I’ve realized my short-term preferences are quite squishy, and I prefer to keep my long term ambitions largely to myself.

But here are things I know to be true:

  1. I’m very ambitious. I think I can be world-class at almost anything.

  2. However, I can also identify people whom I can’t touch. Even though I want to be 0.0001% successful, I know for a fact I am not 0.0001% intelligent or 0.0001% naturally gifted in anything.

    1. I think an integral part of winning is admitting when you are at a disadvantage. Manny Pacquiao would not have won more fights by insisting his arms were longer than they actually are. He had short arms and adjusted his style to accommodate his strengths and his weaknesses.

  3. I don’t care about being right or wrong. I want my team to win.

    1. I am willing to make an ass of myself if it leads to a more productive conversation.

    2. This quality makes finding, assembling, and keeping a world-class team incredibly important.

  4. I ask questions primarily to seek the truth when I do not have a strong conclusion.

    1. I don’t like to talk too much when I think I am right, especially when my knowledge represents a sustainable advantage.

    2. As such, my questions often imply less command of a topic than I actually have.

  5. I would rather talk too little than talk too much.

    1. I talk for too long when I do talk, so I balance myself out by talking infrequently.

  6. I used to (somewhat intentionally) put myself at massive disadvantages because I cared more about finding genuine people than stunting on a bunch of try-hard teenagers.

    1. I was a panelist this past weekend at a college club alumni event. My friend was also a panelist. I told her I liked her outfit and asked her what she thought of mine. She said, “You look like yourself…”

    2. But now I have lots of good people in my corner, so it is better to LARP as a smart person like a lot of “can’t miss” undergrads were. It, unfortunately, does increase probability of success.

  7. I think I am willing to eat shit a little longer than most people.

    1. Put another way, I’m more tolerant of uncertainty than most. I’m willing to operate as the dumb guy in the room for longer periods of time than most smart people. I’m willing to show up to a conference, sit in the back, and not say a single word because I don’t ascribe any value to people thinking I am smart. etc. etc.

  8. However, I am impatient when I think I am the best person for a particular job.

    1. I won’t eat shit sandwiches when I have the ingredients to cook a filet mignon in front of me, rules be damned. The luxury of my education is I don’t have to eat shit sandwiches if I don’t deserve to. It’s taken me a long time to realize and embody this.

As a result, most people hilariously underestimate how ambitious and/or confident I am. I think this is because I view my career as a game.
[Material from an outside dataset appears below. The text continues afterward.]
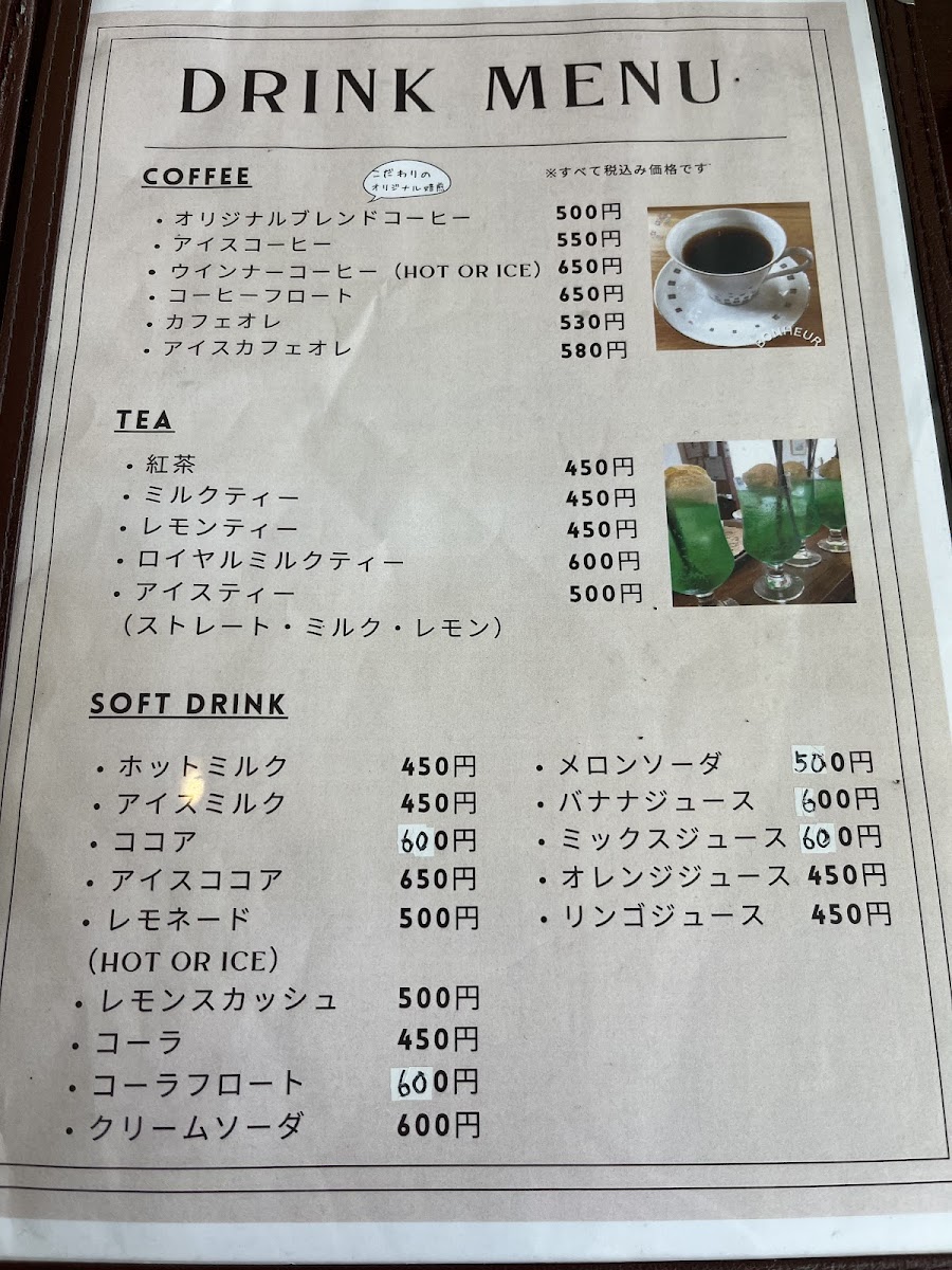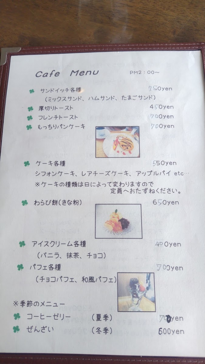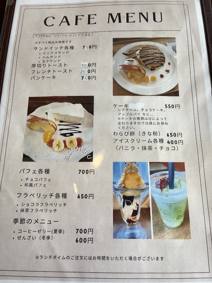 Bonheur offers an enticing morning menu, perfect for starting your day on the right foot. For just JP¥550, indulge in their モーニングセット, which includes crispy toast or a satisfying sandwich, fresh salad, perfectly boiled eggs, seasonal fruit, and your choice of drink. For those who visit later in the day, the lunch menu is equally impressive. Priced at JP¥800, the 日替わりランチ includes a delightful array of daily specials, with options to add dessert and drinks at a modest additional cost.

After a few months of introspection, I no longer think that is a problem.

My Best,
Sam

For those of you new to The Pursuit, I format these letters into up to four sections each week: The best things I’ve Read, the best Writing I’ve published, the best Conversations I’ve had, and the best Breakthroughs I’ve reached. If you enjoyed reading this, please consider sharing with a friend and subscribing.

1  I refuse to call this “taste” because my instinct is frequently inexplainable and almost never methodical, whereas I view taste as an increasingly articulable and deterministic world view. In other words: I have a conclusion and then fit it into a framework to explain it later; I don’t have predetermined preferences that I use to winnow down my choices. Articulable preference is a lagging indicator, not a leading one. In the fundamental hedge fund world, I’ve heard this referred to as “talent,” knowing where to look and when to devote your full attention to a hunch.